Summary & Overview
HCPCS G8940: Positive Depression Screening, Follow-Up Not Completed
HCPCS Level II code G8940 denotes a documented positive depression screening in which a planned follow-up was not completed and the reason for the missed follow-up is recorded. This code is used to capture gaps between screening results and subsequent care actions, providing a standardized way to indicate that screening identified potential depression but planned next steps were not carried out.

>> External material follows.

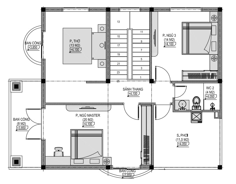 + Tầng 2: Phòng Thờ+ Phòng ngủ master + 2 Phòng ngủ thường + 1 WC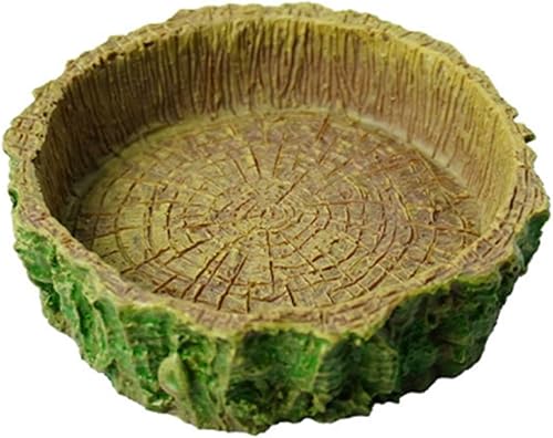 Reptile Water and Food Bowl, Natural Tree Bark Design, Round Shallow Dish, Terrarium Feeding Dish for Lizards, Snakes, Amphibians (Large)

Nationally, capturing incomplete follow-up after positive depression screens matters for quality measurement, care coordination, and program evaluation across ambulatory care settings. Payors commonly referenced in analyses include Aetna, Blue Cross Blue Shield, Cigna Health, UnitedHealthcare, and Medicare. The code informs payer quality programs, behavioral health integration efforts, and population health initiatives focused on closing care gaps.
Readers will learn what G8940 represents clinically, typical service settings where it is reported, common payer coverage context, and the types of benchmarks and policy considerations that relate to documenting incomplete follow-up after positive depression screens. The publication summarizes how the code is used for tracking screening-to-care transitions, implications for quality reporting, and highlights where input data are not available. Data not provided in the input are noted where relevant.
Billing Code Overview
HCPCS Level II code G8940 documents a positive depression screening when a follow-up plan was not completed, with a documented reason for the incomplete follow-up. The code captures the clinical circumstance in which screening indicates possible depression but the intended next-step care plan (for example, referral, treatment initiation, or monitoring) was not carried out and the reason for that omission is recorded in the patient record.
Service type: Behavioral health screening follow-up documentation
Typical site of service: Outpatient ambulatory settings, including primary care clinics and behavioral health clinics where depression screening is performed and follow-up actions are tracked.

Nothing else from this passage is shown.